Here is my snickerdoodle blend:  caraway, cardamom, cinnamon, ginger and vanilla bean eo.


----------



## MaitriBB (Jan 10, 2013)

These are the ones that I plan to use soon, this is based on the minimal EO's I have on hand:

Rosemary-peppermint
Lemon-rose
Lime-spearmint
Rosemary-cinnamon
Rosemary-Spearmint
Lemon-peppermint


----------



## robertw98144 (Jan 10, 2013)

I have the book SoapAddict mentioned:





500 Formulas For Aromatherapy: Mixing Essential Oils for Every Use

I really like it though many of the recipes use 4 or 5 different essential oils, some of which aren't the easiest to find.
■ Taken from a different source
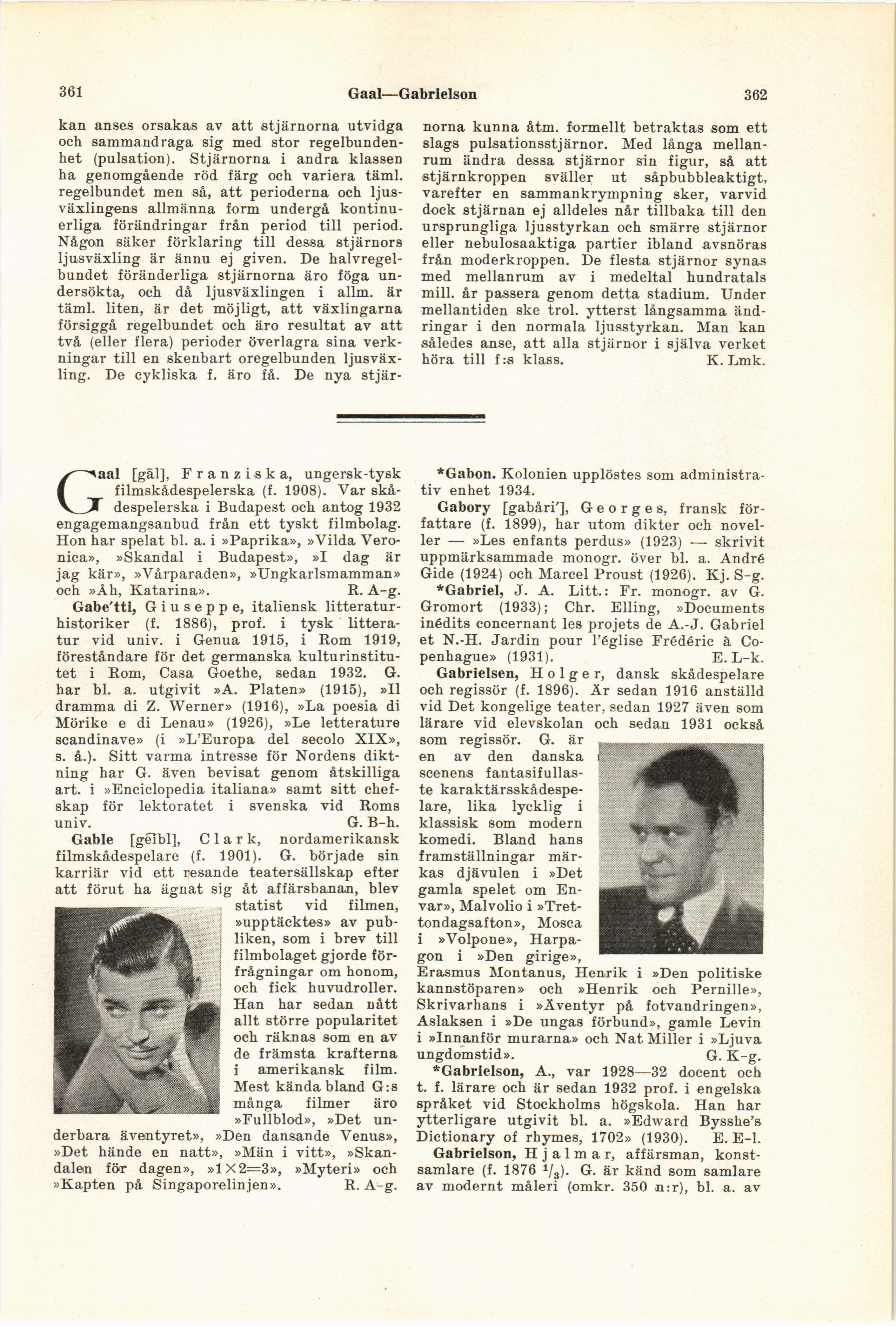 Full resolution (JPEG) - On this page / på denna sida - *Föränderliga stjärnor - Gaal, Franziska - Gabetti, Giuseppe - Gable, Clark - *Gabon - Gabory, Georges - *Gabriel, J. A. - Gabrielsen, Holger - *Gabrielson, A. - Gabrielson, Hjalmar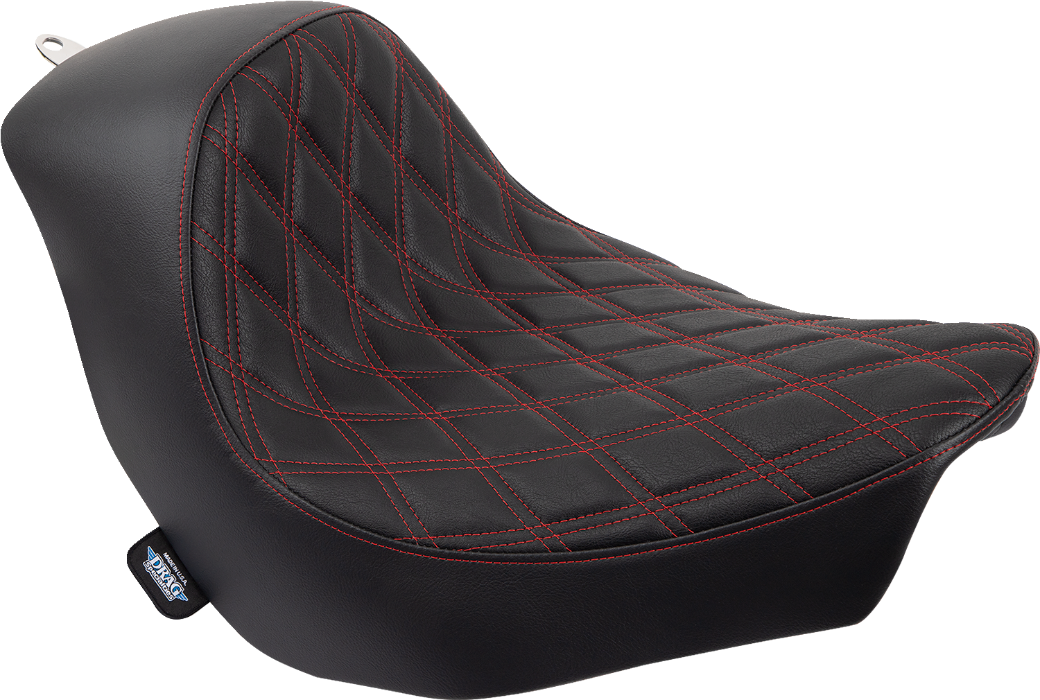 DRAG SPECIALTIES SEATS Solo Seat - Double Diamond with Red Stitching for Harley FL/FX 2018-2023

With that many different EOs, these are what I would consider "complex" blends. :Kitten Love: I checked this book out from the local library before I bought it.


----------



## SoapEssential (Jan 20, 2013)

I have the 500 Formulas for Aromatherapy and like robertw98144 says, many of the combinations use 4 to 6 different EO's.  However, what I have done is sat down with all my EOs in front of me and began blending a formula that the book suggested.  Sometimes I liked the combination of just 2 or 3 and went with that instead of using all that was suggested.  It certainly gives a good starting place and combines scents that I wouldn't have thought of putting together.  It's got little content and a lot of formulations so if that's what you're looking for it may be a good book for you.  I never even thought of checking out a book like that at the library......brilliant!  I read the readers comments on Amazon.


----------